La deuxième renvoie aux valeurs démocratiques hissées au niveau de « valeurs universelles » qu’aujourd’hui la Chine rejette d’autant plus facilement que surgissent ici et là les effets néfastes des systèmes démocratiques où la valeur « individuelle » a pris le pas, souvent de manière égocentrique, sur l’intérêt collectif.

Liu Xiaobo qui a dédié sa vie à un intérêt supérieur qui le dépasse sans aucun profit personnel, ne peut certes pas être accusé d’égocentrisme. Mais le pouvoir chinois qui l’ostracise comme un intrus hostile, utilise cette idée pour le discréditer. Simultanément, il attise le concept confucéen « d’harmonie 和谐 Hexie » revisité par le strict intérêt politique du parti pour rejeter la démocratie « ferment de discordes et d’instabilité ».

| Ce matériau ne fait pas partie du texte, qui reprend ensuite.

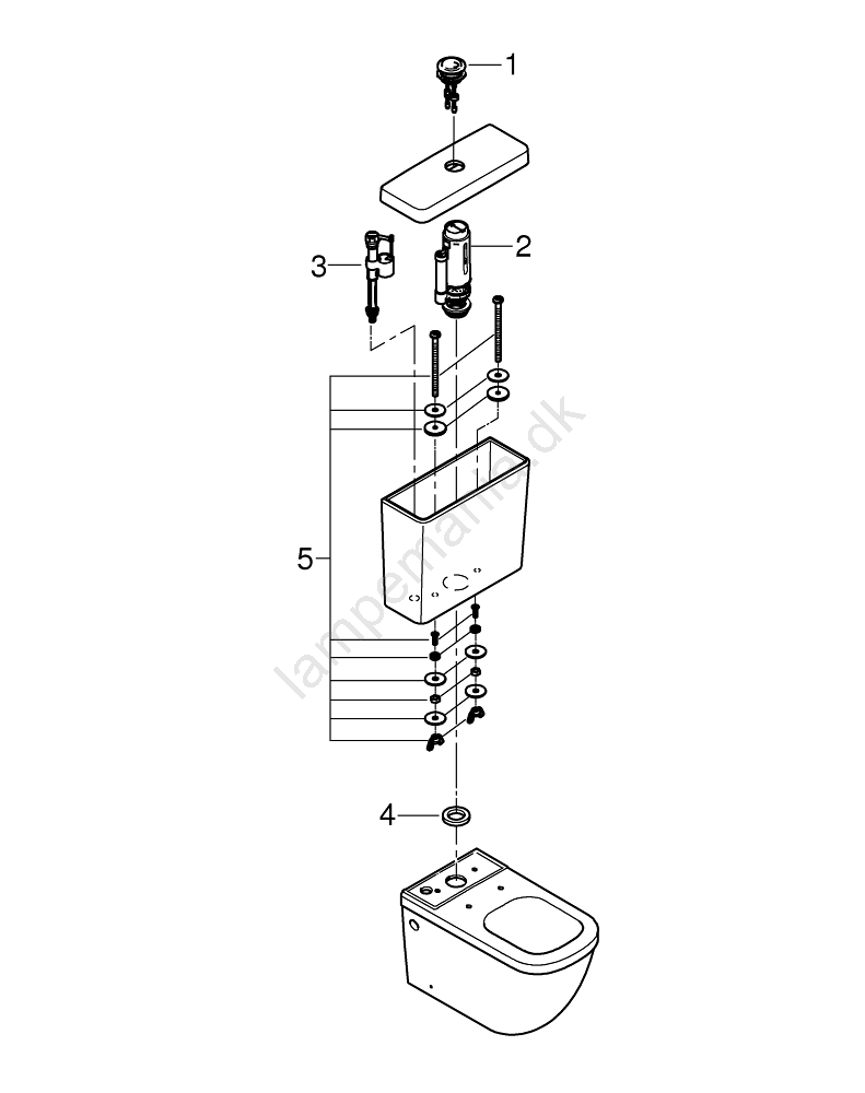 • Indeholder skylleudstyr med dobbeltskyl for vandbesparelse.
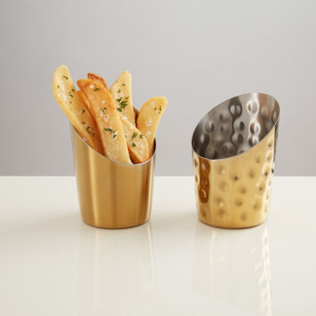 Designed with modern in mind, our gold fry cups are bound to catch the eye of guests. They’re the perfect way to subtly dress up any meal.
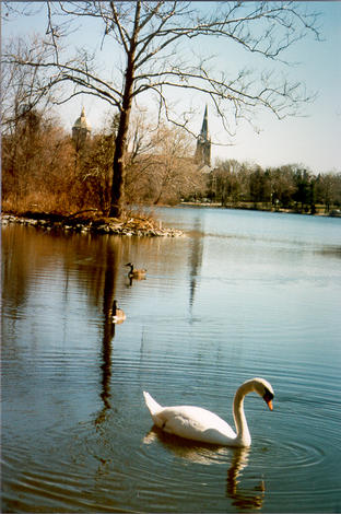 Swan and geese in St. Mary's Lake
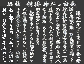 | この碑を建て神霊を慰め奉ることを申し出られた加藤氏は足利高氏の末裔を自認する。滅亡の悲劇 |
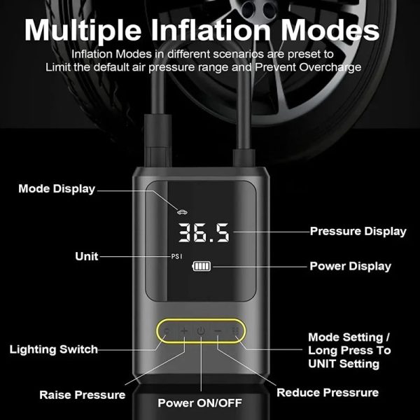 بادکننده لاستیک شارژی با 4 حالت باد از پیش تعیین شده برای باد کردن دوچرخه، موتور سیکلت، اتومبیل و توپ، به طور خودکار با رسیدن به مقدار از پیش تعیین شده متوقف می شود، استفاده آسان برای مبتدیان.

Par les temps qui courent où resurgissent de puissantes menaces, il n’est pas étonnant que dans nombre de démocraties, assez souvent chez les électeurs les plus jeunes, réapparaisse l’idée qu’un pouvoir fort, mieux en mesure de préserver la cohésion sociale et politique d’un pays, si nécessaire par la force, serait, dans l’intérêt supérieur de la collectivité, plus à même de faire face aux défis qui s’annoncent.

Notes :

[1L’injonction a été formulée par écrit dans une note adressée à la Commission de réforme de la justice réunie en séminaire à Guiyang, capitale du Guizhou, le 10 juillet. C’est Meng Jiangzhu, membre du Bureau Politique et président de la Commission des lois qui s’est chargé de lire le message du président aux membres du séminaire. Mais, s’il est vrai que l’adresse présidentielle évoque le droit et la modernisation, elle ne dit mot de l’indépendance de la justice.

En revanche, la décision de déporter le séminaire dans la province excentrée et pauvre du Guizhou, fief de Chen Min Er (陈敏 尔) membre du Comité Central, protégé et allié de Xi Jinping ardent défenseur de la moralité publique et du fonctionnement efficace et transparent de l’administration donne une indication sur le sens d’une « modernisation de la justice aux caractéristiques chinoises ».

S’il est vrai que la génération politique aux commandes n’est pas prête à sauter le pas d’un justice indépendante pouvant devenir un contrepouvoir, au moins a t-elle l’intention de la rendre moins opaque, plus professionnelle, plus équitable et – c’est le sens du séminaire au Guizhou – plus attentive aux plus démunis et aux plus faibles.